In the petition for the town grant, the citizens of the Manzano area indicated that they would construct their chapel in the main plaza of the settlement. At some time soon after September 22, 1829, a majority of the citizens changed their minds, electing instead to build the new chapel in a plaza of the pueblo of Quarai a short distance southwest of the old mission church.

The mission church still had its choir loft and most of its roof in the late 1820s, and was used for the burial of those among the local settlers who died or were killed by occasional Apache attack. By this time the building was probably so dilapidated that it was dangerous to use for any purpose, for fear of the roof collapsing onto visitors. In late 1829 or early 1830, an Apache raid struck at the settlement of Quarai, killing at least one person and burning out the surviving roofing, choir loft, and lintels of the church. Several other buildings were probably destroyed in the attack. [56]

The decision to build the new chapel of Manzano at Quarai was probably intended to replace the old mission church. Whether this move was prompted by the deterioration of the building, or by its destruction, cannot be determined. The decision, however, caused a conflict between the residents of the town of Manzano and the other settlers on the Manzano grant. [57] The Lucero family, influential members of the Manzano Grant citizenry, apparently lived at Quarai. The Luceros were undoubtedly responsible, at least in part, for the decision to build the new chapel at Quarai, rather than in Manzano proper. [58]
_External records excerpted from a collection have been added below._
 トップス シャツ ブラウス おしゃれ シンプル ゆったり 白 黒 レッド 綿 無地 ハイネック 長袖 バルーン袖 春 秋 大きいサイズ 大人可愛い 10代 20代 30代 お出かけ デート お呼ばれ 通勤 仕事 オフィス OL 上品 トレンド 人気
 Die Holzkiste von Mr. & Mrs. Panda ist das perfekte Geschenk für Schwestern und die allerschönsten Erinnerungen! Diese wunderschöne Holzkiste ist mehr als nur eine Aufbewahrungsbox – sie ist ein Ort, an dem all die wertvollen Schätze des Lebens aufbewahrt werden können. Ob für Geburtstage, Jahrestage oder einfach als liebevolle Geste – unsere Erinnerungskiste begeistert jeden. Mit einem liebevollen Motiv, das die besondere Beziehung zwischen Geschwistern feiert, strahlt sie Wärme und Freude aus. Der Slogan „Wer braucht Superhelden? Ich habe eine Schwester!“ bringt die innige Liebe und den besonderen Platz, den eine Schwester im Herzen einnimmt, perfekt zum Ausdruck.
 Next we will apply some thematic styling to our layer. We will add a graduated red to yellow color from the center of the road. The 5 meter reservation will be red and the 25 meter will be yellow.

In spite of the disagreement among the settlers, construction began on the chapel at its new site in the pueblo of Quarai. Opposition, however, continued to grow until on July 6, 1830, the citizens of Manzano petitioned the parish priest Don Francisco Madariaga for the privilege of moving the site of the chapel from Quarai to the town of Manzano. It was only just begun, they stated, and they were suffering "difficulties and inconveniences . . . because of having to build [it] in the Pueblo of Quarai . . . ." They insisted that it would be better to build the church in the Plaza de Apodaca at Manzano. The controversy was resolved when the alcalde of Tomé, José Manuel Apodaca, officially ordered on July 10 that the chapel be built "at the Casa de Apodaca" in Manzano. Bachillor Don Francisco Madariaga followed suit by giving his approval for the change on July 11. The parish priest assigned the income from one of the apple orchards near Apodaca Plaza to defray the expenses of services in the new chapel. [59]
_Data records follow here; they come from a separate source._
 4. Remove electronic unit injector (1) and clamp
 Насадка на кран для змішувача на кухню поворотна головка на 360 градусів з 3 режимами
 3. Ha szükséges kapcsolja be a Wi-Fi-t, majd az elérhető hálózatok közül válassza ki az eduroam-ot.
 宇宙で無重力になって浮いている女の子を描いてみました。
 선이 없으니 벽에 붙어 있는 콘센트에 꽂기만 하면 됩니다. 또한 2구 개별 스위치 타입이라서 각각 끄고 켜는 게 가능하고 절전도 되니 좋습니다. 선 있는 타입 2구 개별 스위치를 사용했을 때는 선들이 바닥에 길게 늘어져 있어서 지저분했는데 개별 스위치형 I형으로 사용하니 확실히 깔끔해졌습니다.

The settlement at Abó remained small. The failure of the attempt to include Abó and its adjacent settlement in the Manzano Land Grant, and the increase in Indian raids through the decade of the 1820s, appears to have led finally to the abandonment of the settlement about 1830. By the time the Cisneros family settled at Abó about 1865, the first settlers were forgotten. Little was left but the ruins of a few houses on top of the earlier Pueblo ruins, and scattered trash in the kitchen middens. [60]
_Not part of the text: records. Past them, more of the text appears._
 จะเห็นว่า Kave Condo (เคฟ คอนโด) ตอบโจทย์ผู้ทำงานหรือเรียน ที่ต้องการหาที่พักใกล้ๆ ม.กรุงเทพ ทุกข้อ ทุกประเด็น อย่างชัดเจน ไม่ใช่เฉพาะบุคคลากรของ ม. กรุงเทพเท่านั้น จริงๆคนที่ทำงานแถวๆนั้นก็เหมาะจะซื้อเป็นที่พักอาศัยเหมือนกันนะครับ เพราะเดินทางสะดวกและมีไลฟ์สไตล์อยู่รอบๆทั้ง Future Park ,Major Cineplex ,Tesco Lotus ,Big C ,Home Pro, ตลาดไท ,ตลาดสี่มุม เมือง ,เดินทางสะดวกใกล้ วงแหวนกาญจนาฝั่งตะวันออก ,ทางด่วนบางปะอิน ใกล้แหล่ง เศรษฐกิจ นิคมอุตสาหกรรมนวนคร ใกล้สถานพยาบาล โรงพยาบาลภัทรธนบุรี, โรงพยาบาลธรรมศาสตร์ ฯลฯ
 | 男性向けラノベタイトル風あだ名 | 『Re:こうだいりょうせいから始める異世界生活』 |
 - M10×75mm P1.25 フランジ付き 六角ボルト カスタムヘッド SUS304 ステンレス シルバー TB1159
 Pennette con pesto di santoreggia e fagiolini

No one resettled at Las Humanas until the twentieth century. It was too distant from the occupied areas of New Mexico, had too little water, and was too exposed to the Plains Indians. Some families in Manzano and later settlers at Abó herded sheep in the area of the ruins, sometimes camping in the convento or building a small shack near the pueblo buildings. [61] By 1872, José Ramon Espinosa had established a ranch about six miles north of Gran Quivira, and in the early years of the twentieth century the little town of Gran Quivira grew up at the foot of the hill northwest of the mission ruins. [62]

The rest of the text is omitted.